Страница 87 из 90
Глава 36
Микроавтобус с занавешенными окнами мчал по ночному шоссе к одному из небольших подмосковных аэродромов. За рулем сидел человек в шапке с козырьком, надвинутой на самые брови. Правда, растительность на предназначенном для бровей месте у него отсутствовала напрочь, но козырек не мешал опознать личность по уродливой прорези рта и приблизительно вылепленному носу.
Забрызганный грязью пикап-"ауди" обогнал фургончик с ярко-красной надписью «Coca-cola» на боку и увеличенным изображением бутылки.
Ушел вперед, но не стал слишком далеко отрываться. В «ауди» ехали трое. Пассажир на переднем сиденье спросил по-чеченски у водителя:
– Зачем он сел за руль? Самая приметная рожа из всех.
– Больше не хотят чужих. Один такой чужак их чуть не привез.

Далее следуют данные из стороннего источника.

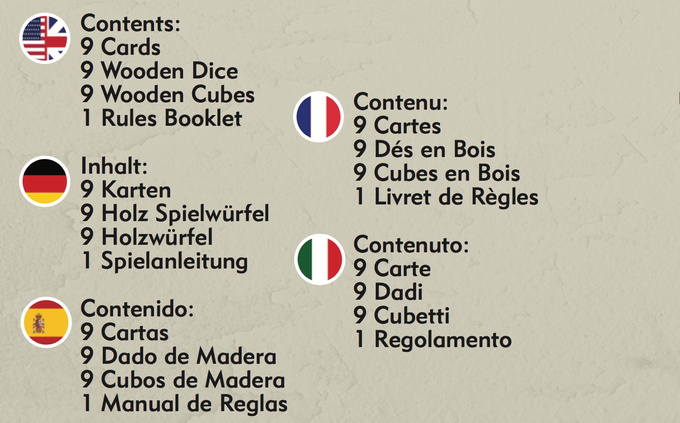 Each Nano9Game also contains 9 Wooden cubes and 9 Wooden dice.

Пассажир, не оборачиваясь, просунул руку между спинками кресел и легонько толкнул другого – тот полулежал на заднем сиденье, чтобы не светить свою голову в наушниках. В зеркальце было видно, как «слухач» кивнул и знаком попросил не дергать его, не отвлекать лишними вопросами.
Минут пять прошло в молчании. Потом он сам снял наушники и коротко бросил:
– Все там.
– О чем болтают?
– О том о сем. Ничего интересного. По-моему, они хорошо приняли перед отъездом.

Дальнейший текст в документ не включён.